[Recorded information]:
____________________
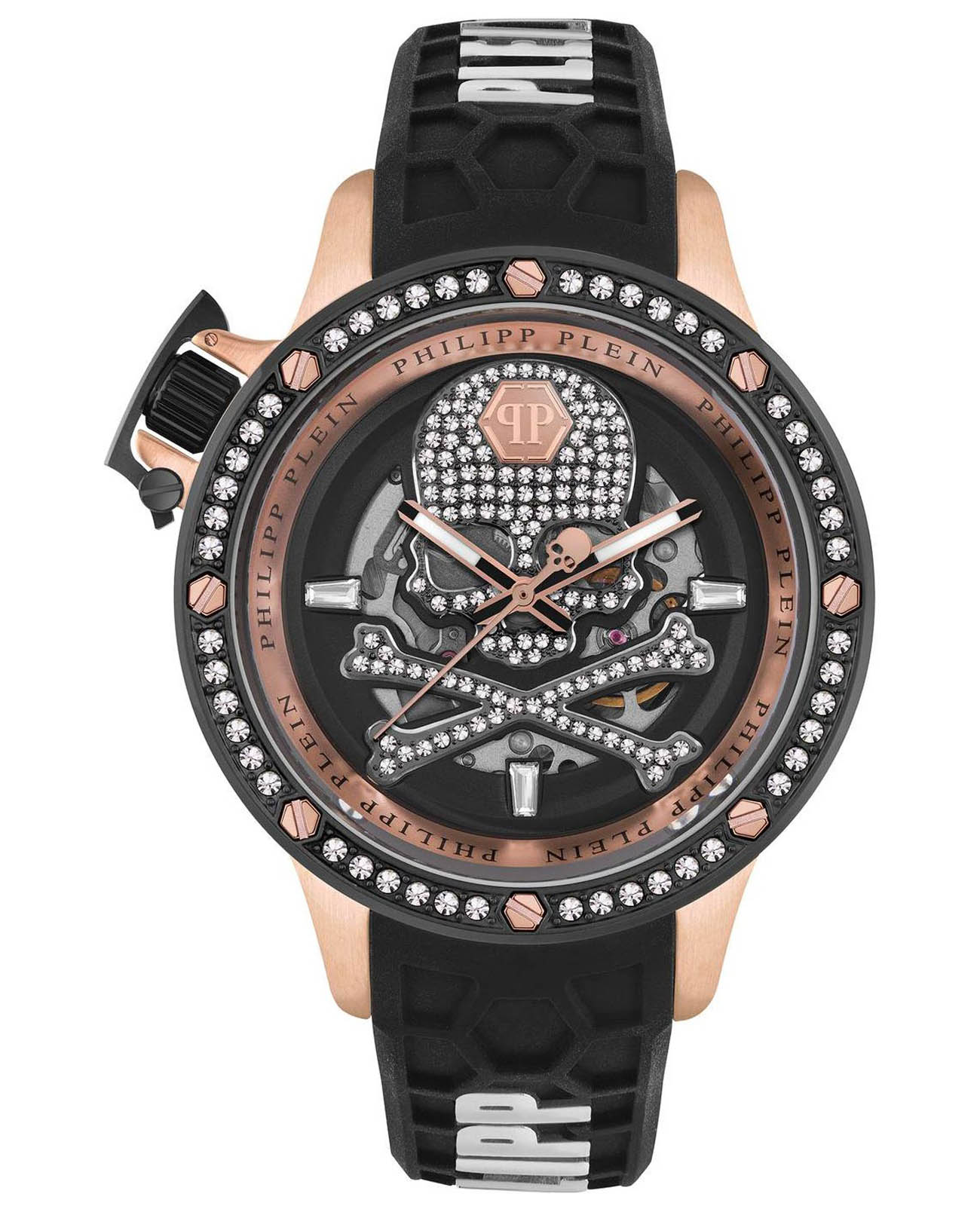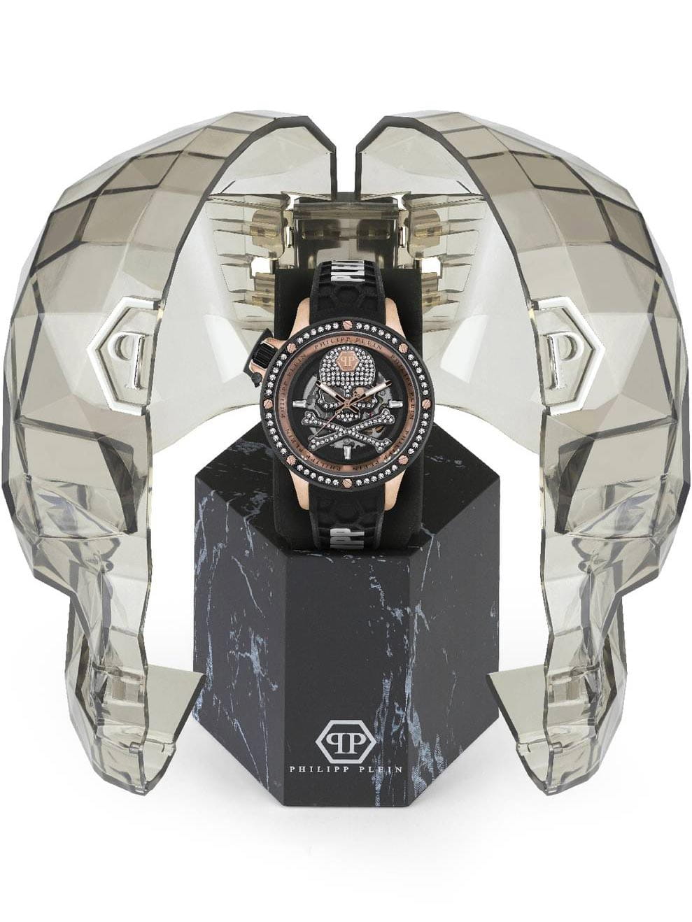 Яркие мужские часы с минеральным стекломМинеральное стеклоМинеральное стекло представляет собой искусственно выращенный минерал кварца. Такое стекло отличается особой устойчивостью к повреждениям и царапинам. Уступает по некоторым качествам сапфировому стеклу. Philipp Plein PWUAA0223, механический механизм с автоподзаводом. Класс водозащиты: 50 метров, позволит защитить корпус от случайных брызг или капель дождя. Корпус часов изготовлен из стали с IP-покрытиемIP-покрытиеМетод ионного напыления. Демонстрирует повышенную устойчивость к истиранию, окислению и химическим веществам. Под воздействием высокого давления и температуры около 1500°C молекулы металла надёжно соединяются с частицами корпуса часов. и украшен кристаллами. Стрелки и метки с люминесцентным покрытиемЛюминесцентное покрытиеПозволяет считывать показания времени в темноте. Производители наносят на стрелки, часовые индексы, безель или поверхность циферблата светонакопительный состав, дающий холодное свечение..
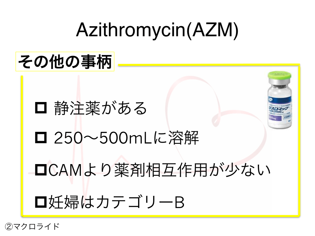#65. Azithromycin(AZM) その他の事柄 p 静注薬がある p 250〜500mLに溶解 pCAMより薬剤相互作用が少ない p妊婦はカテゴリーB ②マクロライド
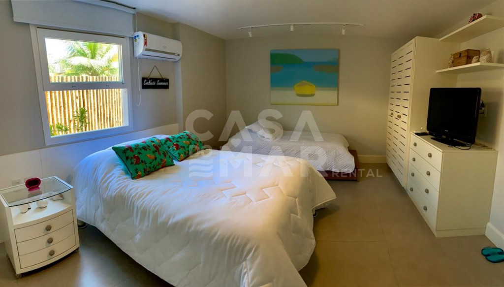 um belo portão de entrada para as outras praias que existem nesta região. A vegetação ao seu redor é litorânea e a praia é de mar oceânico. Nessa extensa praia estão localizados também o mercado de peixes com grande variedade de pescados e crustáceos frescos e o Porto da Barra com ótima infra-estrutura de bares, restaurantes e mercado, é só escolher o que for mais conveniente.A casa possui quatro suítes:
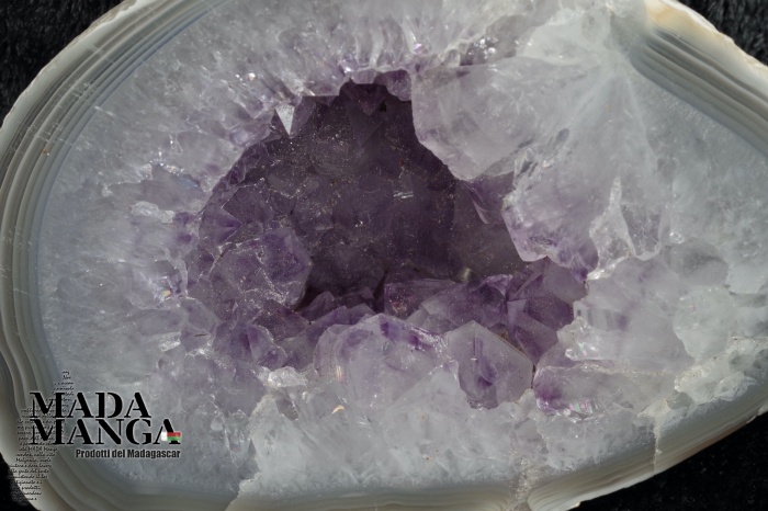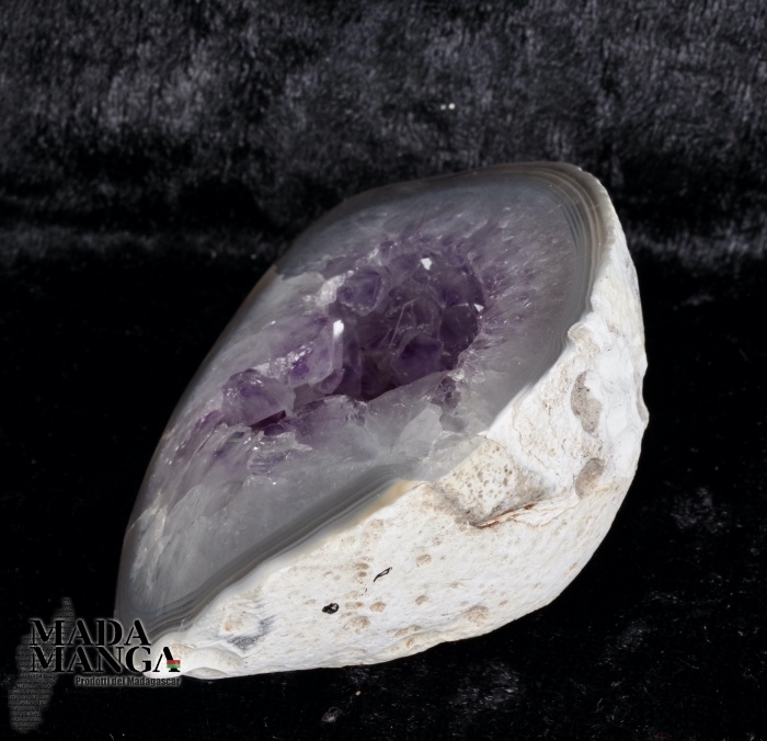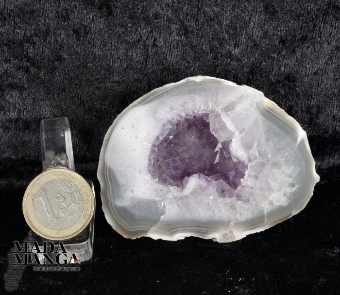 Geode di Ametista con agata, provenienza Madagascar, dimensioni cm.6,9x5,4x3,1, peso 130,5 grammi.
____________________
Write out the data exactly, and exclude every picture it holds.

 Яркие мужские часы с минеральным стекломМинеральное стеклоМинеральное стекло представляет собой искусственно выращенный минерал кварца. Такое стекло отличается особой устойчивостью к повреждениям и царапинам. Уступает по некоторым качествам сапфировому стеклу. Philipp Plein PWUAA0223, механический механизм с автоподзаводом. Класс водозащиты: 50 метров, позволит защитить корпус от случайных брызг или капель дождя. Корпус часов изготовлен из стали с IP-покрытиемIP-покрытиеМетод ионного напыления. Демонстрирует повышенную устойчивость к истиранию, окислению и химическим веществам. Под воздействием высокого давления и температуры около 1500°C молекулы металла надёжно соединяются с частицами корпуса часов. и украшен кристаллами. Стрелки и метки с люминесцентным покрытиемЛюминесцентное покрытиеПозволяет считывать показания времени в темноте. Производители наносят на стрелки, часовые индексы, безель или поверхность циферблата светонакопительный состав, дающий холодное свечение..
#65. Azithromycin(AZM) その他の事柄 p 静注薬がある p 250〜500mLに溶解 pCAMより薬剤相互作用が少ない p妊婦はカテゴリーB ②マクロライド
 um belo portão de entrada para as outras praias que existem nesta região. A vegetação ao seu redor é litorânea e a praia é de mar oceânico. Nessa extensa praia estão localizados também o mercado de peixes com grande variedade de pescados e crustáceos frescos e o Porto da Barra com ótima infra-estrutura de bares, restaurantes e mercado, é só escolher o que for mais conveniente.A casa possui quatro suítes:
 Geode di Ametista con agata, provenienza Madagascar, dimensioni cm.6,9x5,4x3,1, peso 130,5 grammi.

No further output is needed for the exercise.